1. Concept — The Last Step to Make It Real¶
Here's what you've built so far:
- Model (Ch 10), training (Ch 15), evaluation (Part 5), quantization + GGUF (Ch 19–20)
What's left: let a human talk to it.
The book's 10M fairytale model isn't instruction-tuned — it's a continuation model. Give it a prompt and it writes what comes next. Think of it less as a chatbot and more as a co-writer.

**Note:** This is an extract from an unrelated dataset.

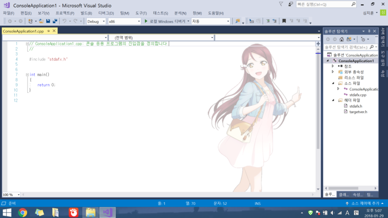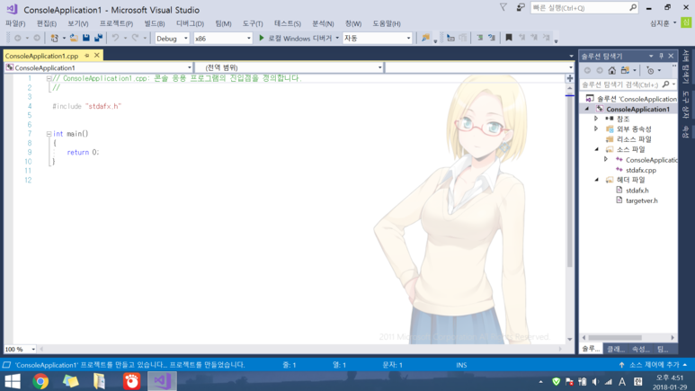 cpp 파일을 오픈하면 정체모를(??) 여캐릭터의 이미지가 뜨지요? ㅋㅋㅋ

2. Why This Matters — The Value of a Demo¶
| Artifact | What it proves |
|---|---|
| Loss curves | Training progressed |
| PPL / benchmarks | Capability is measurable |
| CLI chatbot | The model actually works |
When you want to show someone what you built — a LinkedIn post, a company presentation, HF Spaces — a 5-minute video beats a training curve every time. This is also the final deliverable of the capstone.
3. Three Demo Forms¶
| Form | Tool | Where |
|---|---|---|
| One-line CLI | llama-cli (Ch 20) |
demos, debugging |
| Python REPL loop | llama-cpp-python or transformers |
notebook demos |
| Gradio Spaces | HF Spaces | public demo (capstone) |
This chapter focuses on the Python REPL. CLI was covered in Ch 20, and Spaces is covered in the capstone.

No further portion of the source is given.